People are sharing videos across different social media sites terming recent floods in Northern Indian states as Karma for treating animals cruelly.
Yes, those recent floods, where according to reports, thousands are affected and more than hundred are dead.
First of all, by terming it as Karma, aren't you claiming the entire population as sinner? As if you are some punya atma who have never done anything wrong.
Secondly, you proclaim your devotion for Gods, yet you actually claim them so cruel to punish entire population for sins of few. You know how this sounds like? This sounds like all those fake god men and dhongi pandits who defraud people by scaring them about divine retribution.
Thirdly, even if this is their Karma, you have no right to comment on it. Only Karma you should be concerned with is your own. And trust me, you are not earning any great Karma points by mocking so many people's sufferings.
Fourthly, if you are so concerned about animal cruelty, go and do something constructive for this cause, don't mock people's hardships. This is actually ironic. These are the same people who spread hatred against celebrities terming them anti-hindu, if they give any message during Diwali about how crackers harm animals.
Finally, this is a natural disaster due to interaction between monsoon surge and western disturbance, not any divine retribution.
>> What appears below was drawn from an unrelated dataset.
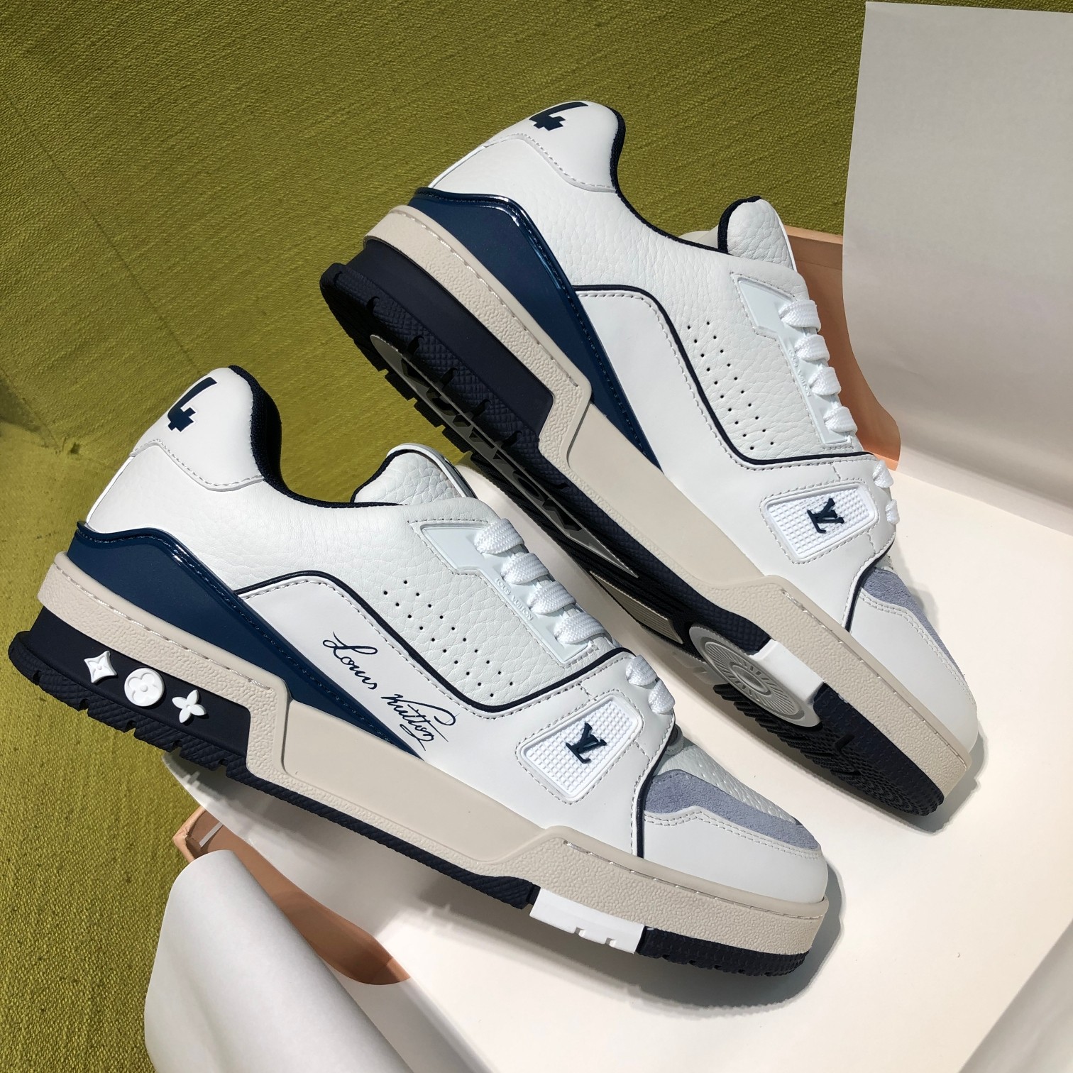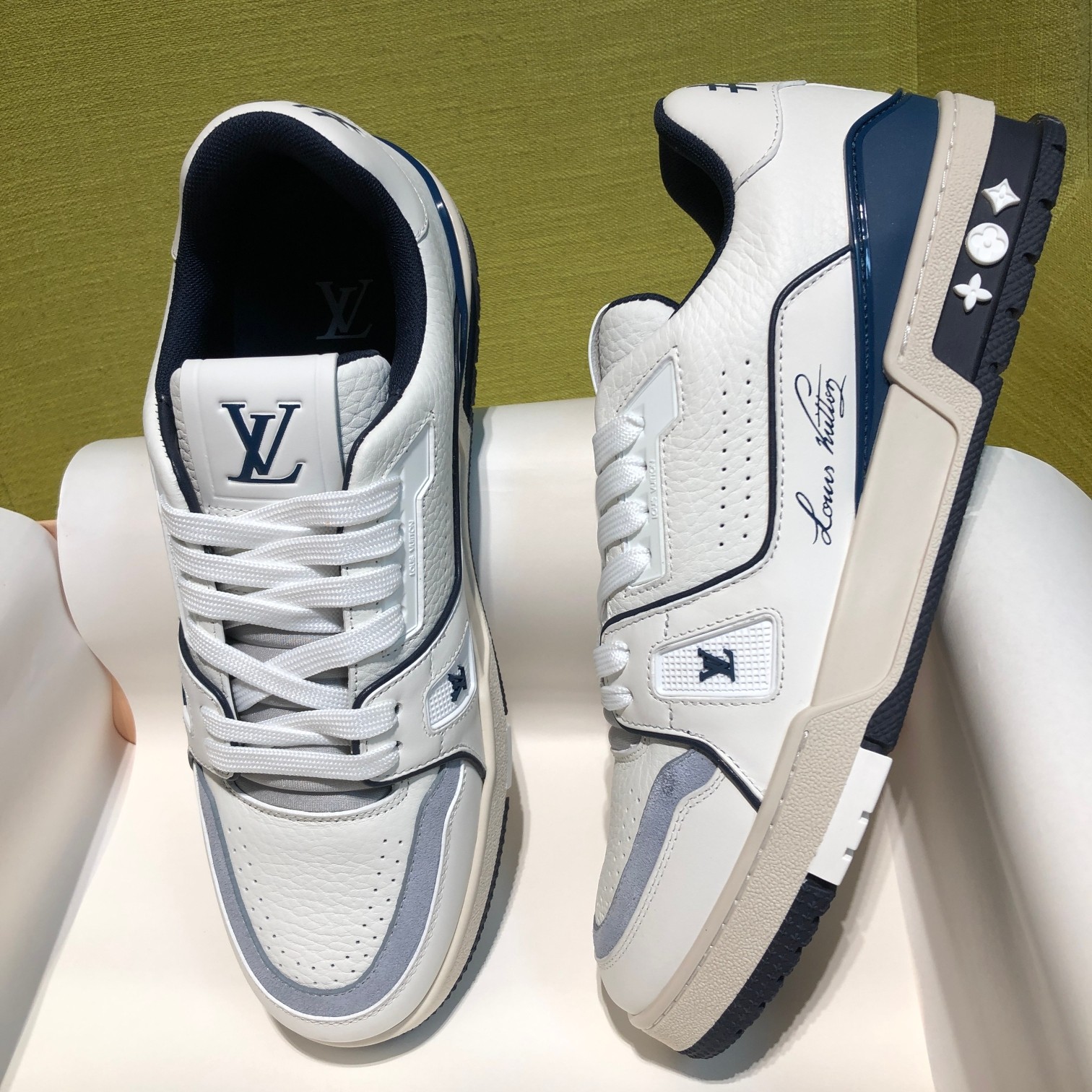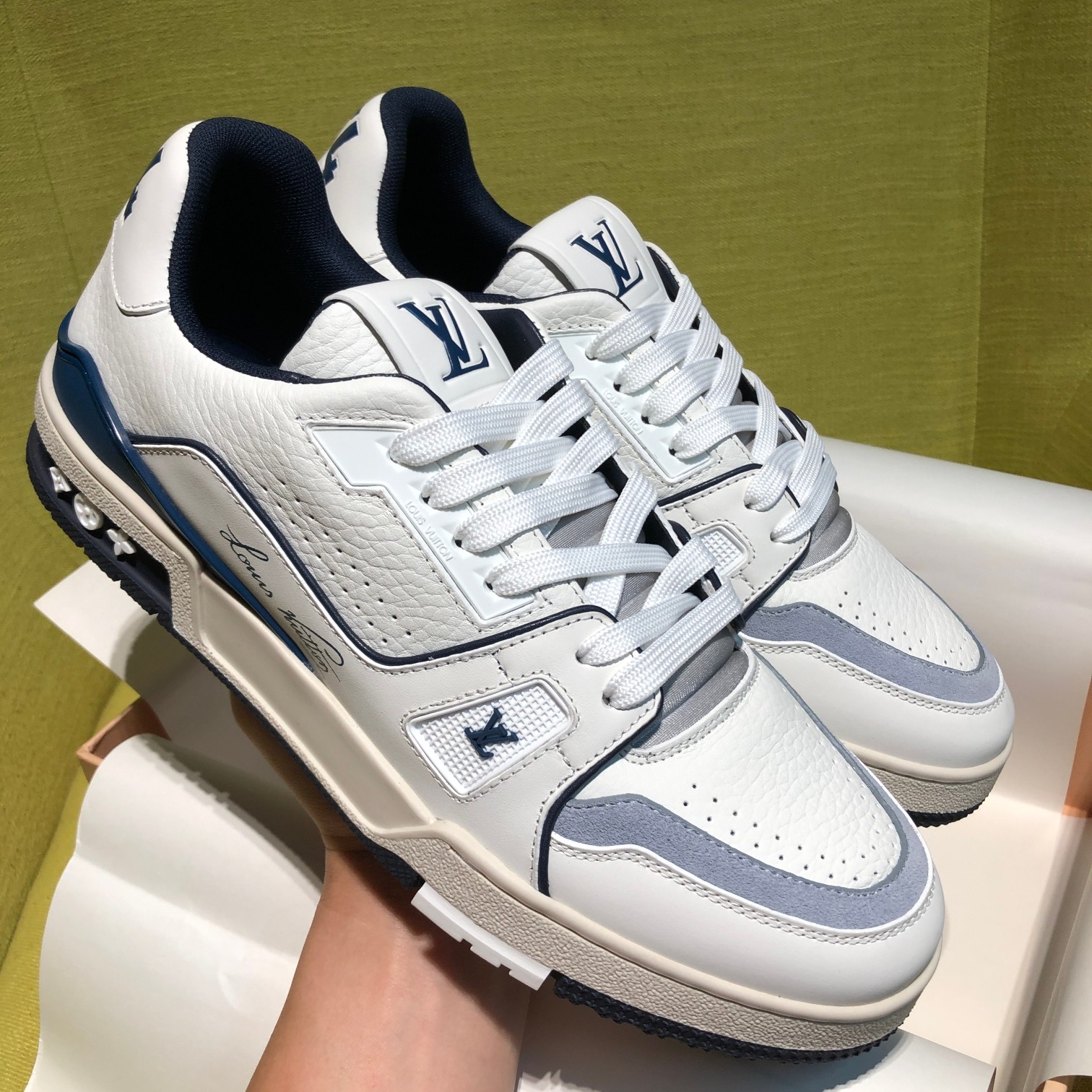 這款鞋子是AAAAA 1:1 質量(非常棒). 使用了和原版一模一樣的材料. 商標部分也保持了和路易威登/Louis Vuitton一樣. 圖片拍攝是實物鞋子拍攝, 您所收到的實物保證和我們圖片一模一樣.

I agree there might be some underlying causes relating to climate changes and human actions, but that doesn't mean an entire population should be termed sinners.
Please, show some sensitivity to people suffering out there, whose houses are gone, who are being displaced and who has to face death of a loved one.
P.S. - Sorry for the long rant. I am a native of a state which suffers from natural disasters every year in the form of cyclones and floods and has undergone some hardships myself during 1999 super cyclone. That video touched a sore spot with me.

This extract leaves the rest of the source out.